• [TASK PROMPT]: Write out the lines of the material below exactly, beginning at the line with "9月18日,黑龙江【哈尔滨电" and stopping after the line with "- Три распашные", and leave out the pictures.

• [EXTRACTED INFORMATION]:
──────────────────────────────
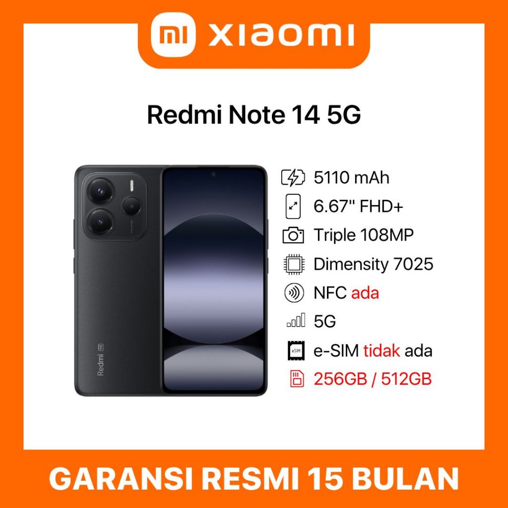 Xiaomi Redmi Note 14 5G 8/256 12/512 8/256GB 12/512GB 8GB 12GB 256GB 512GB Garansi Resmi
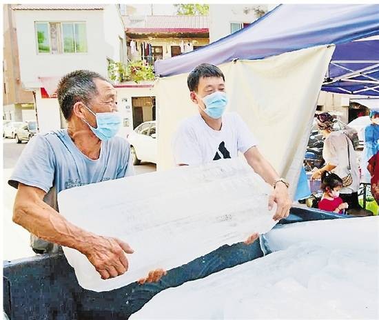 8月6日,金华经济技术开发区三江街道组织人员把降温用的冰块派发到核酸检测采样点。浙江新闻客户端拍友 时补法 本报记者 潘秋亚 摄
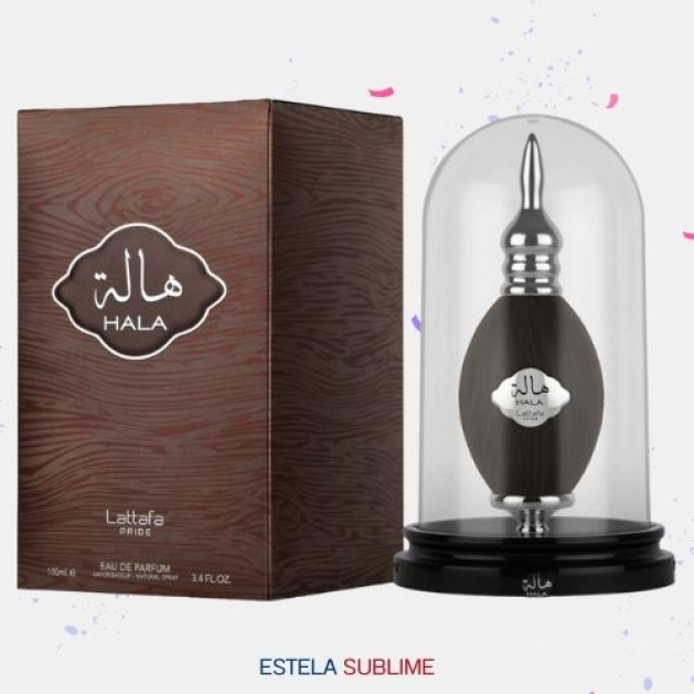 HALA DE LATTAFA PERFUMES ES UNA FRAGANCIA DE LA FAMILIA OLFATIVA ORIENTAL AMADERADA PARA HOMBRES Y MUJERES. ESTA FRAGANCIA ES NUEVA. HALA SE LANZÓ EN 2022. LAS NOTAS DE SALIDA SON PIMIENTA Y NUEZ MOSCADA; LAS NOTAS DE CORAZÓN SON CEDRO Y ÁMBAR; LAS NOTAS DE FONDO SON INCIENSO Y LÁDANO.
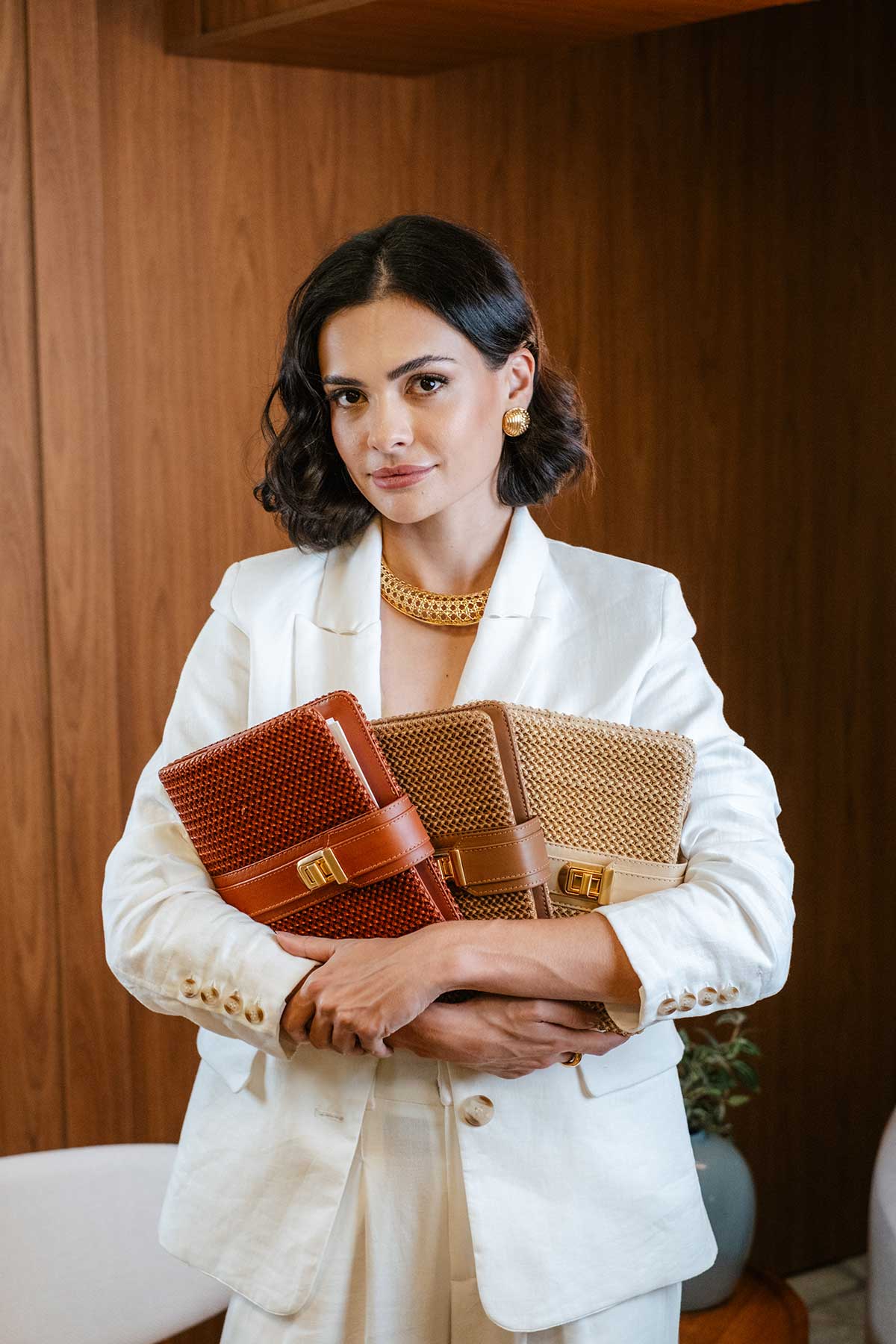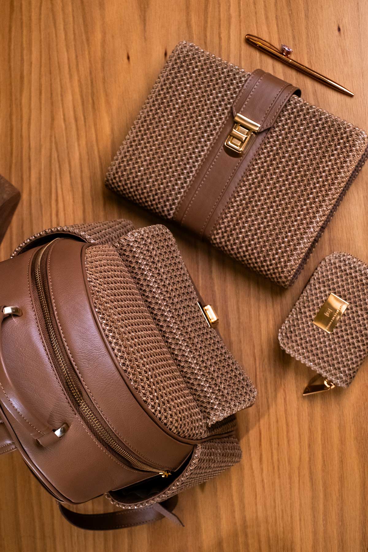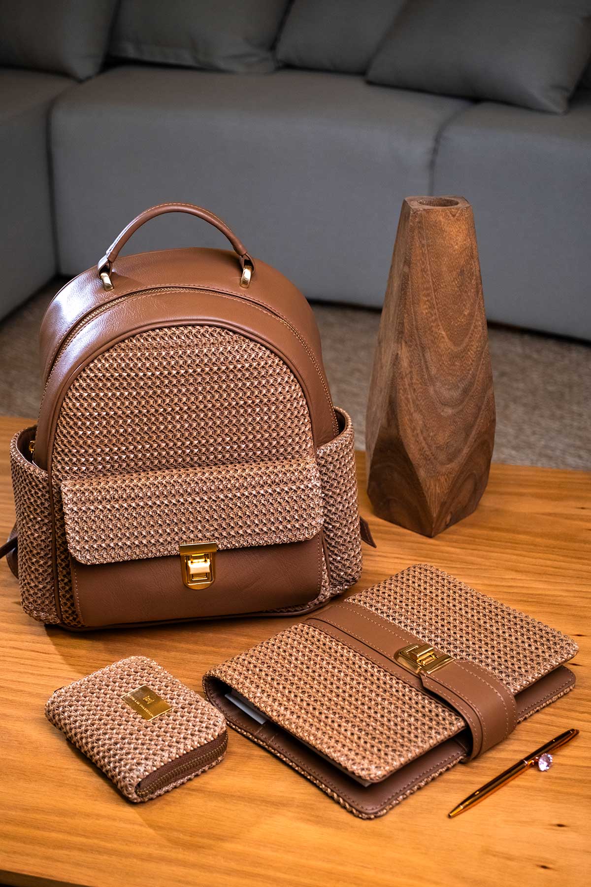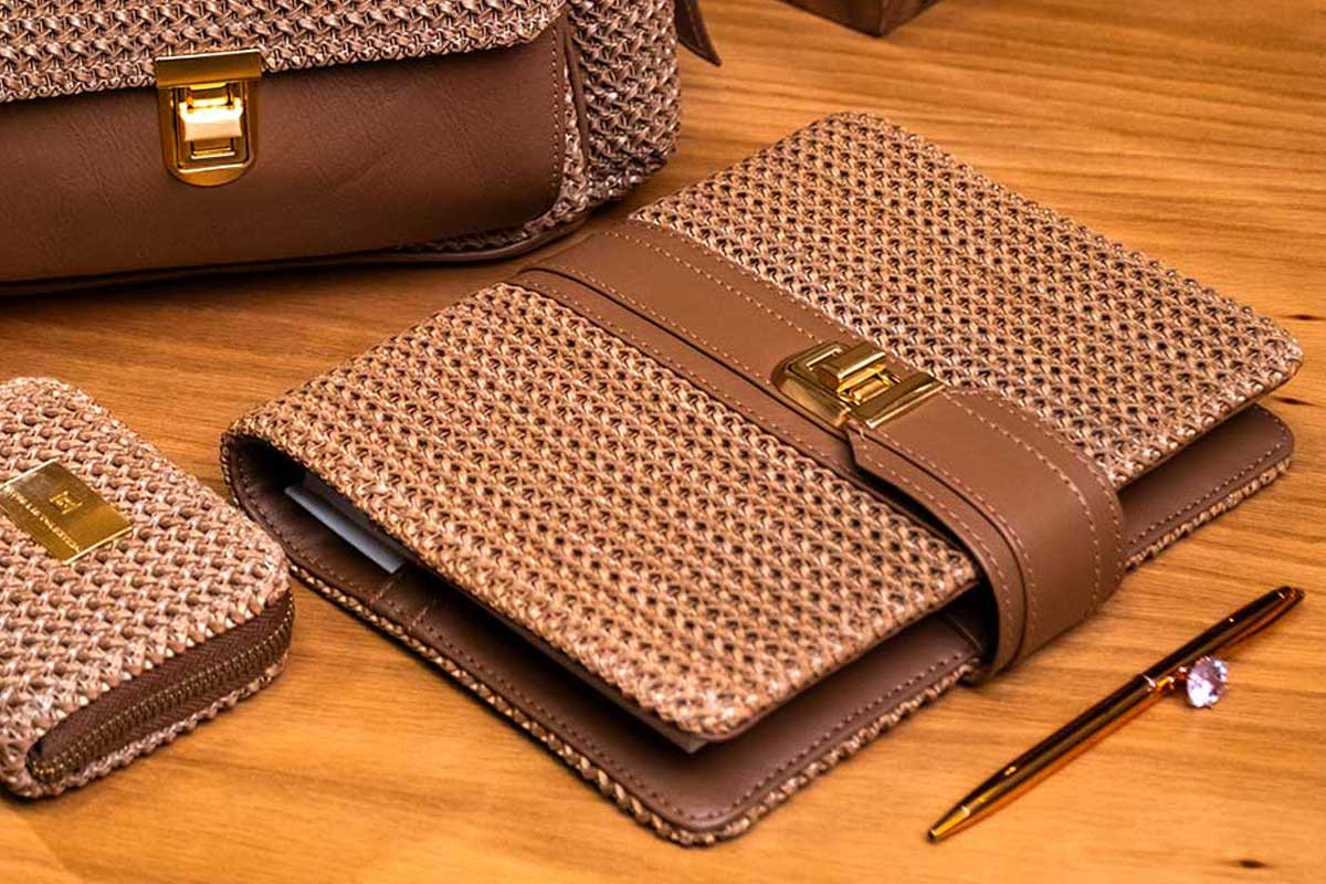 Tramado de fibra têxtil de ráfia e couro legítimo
──────────────────────────────
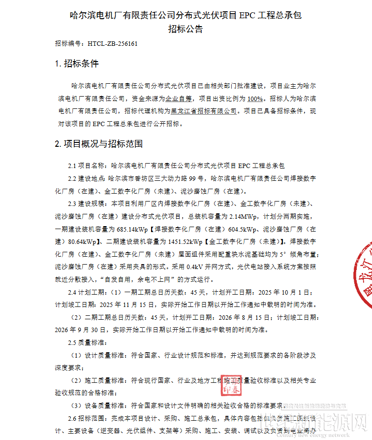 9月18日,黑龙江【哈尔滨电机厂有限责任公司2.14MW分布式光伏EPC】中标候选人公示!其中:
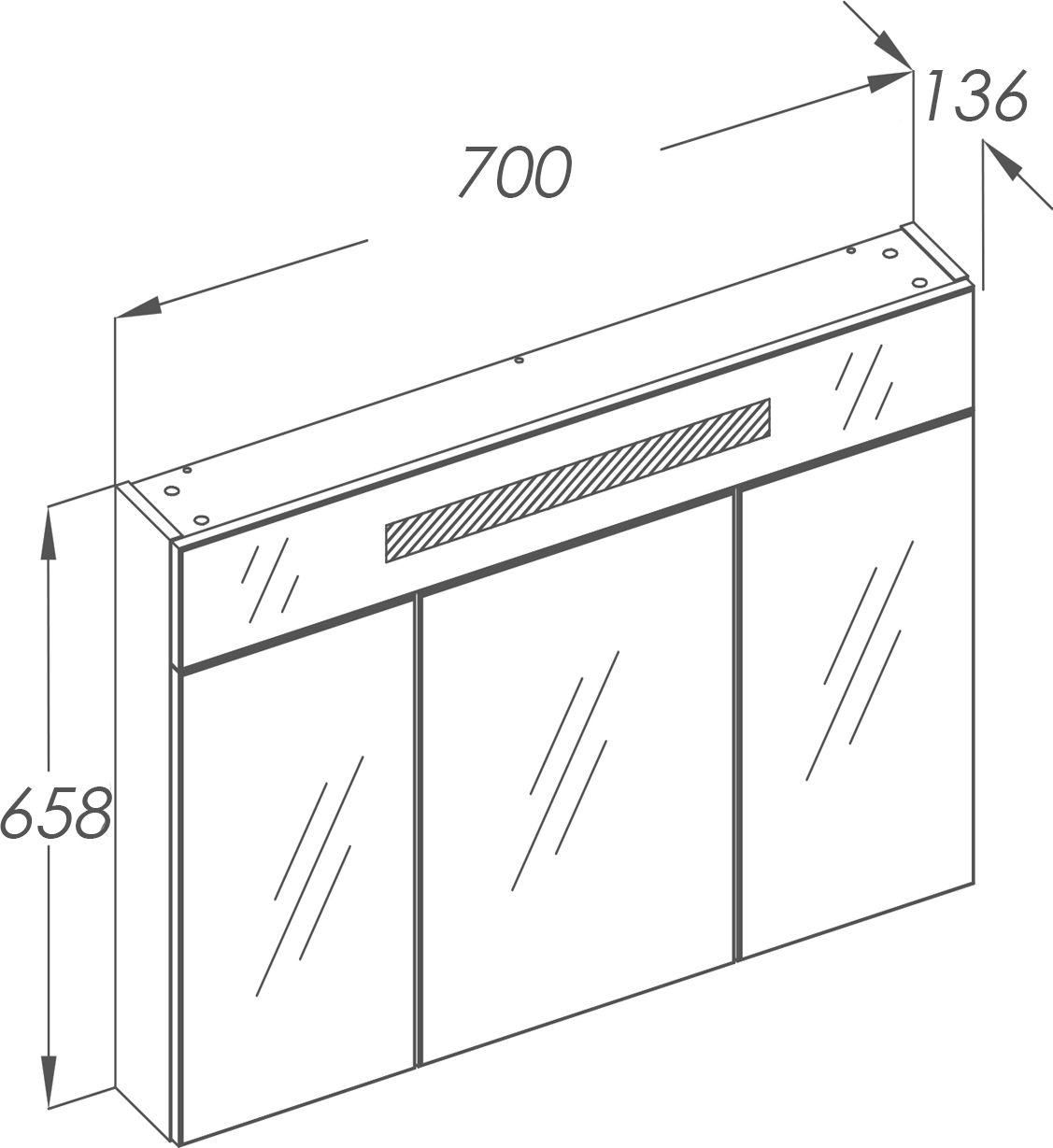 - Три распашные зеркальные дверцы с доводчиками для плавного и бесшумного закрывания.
──────────────────────────────
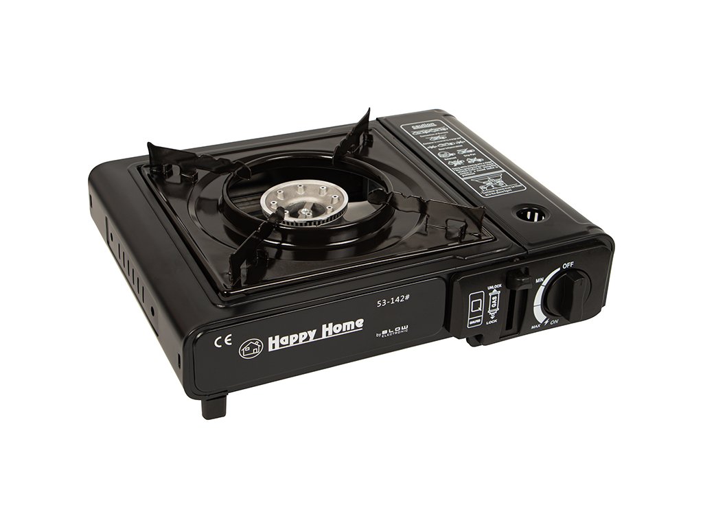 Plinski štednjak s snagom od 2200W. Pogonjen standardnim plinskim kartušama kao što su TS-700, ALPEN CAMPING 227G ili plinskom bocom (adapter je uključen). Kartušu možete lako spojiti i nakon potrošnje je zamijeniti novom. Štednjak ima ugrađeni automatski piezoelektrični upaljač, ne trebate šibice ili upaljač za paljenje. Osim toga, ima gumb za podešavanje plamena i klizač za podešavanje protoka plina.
──────────────────────────────
• [WRITTEN ANSWER]:
 9月18日,黑龙江【哈尔滨电机厂有限责任公司2.14MW分布式光伏EPC】中标候选人公示!其中:
 - Три распашные зеркальные дверцы с доводчиками для плавного и бесшумного закрывания.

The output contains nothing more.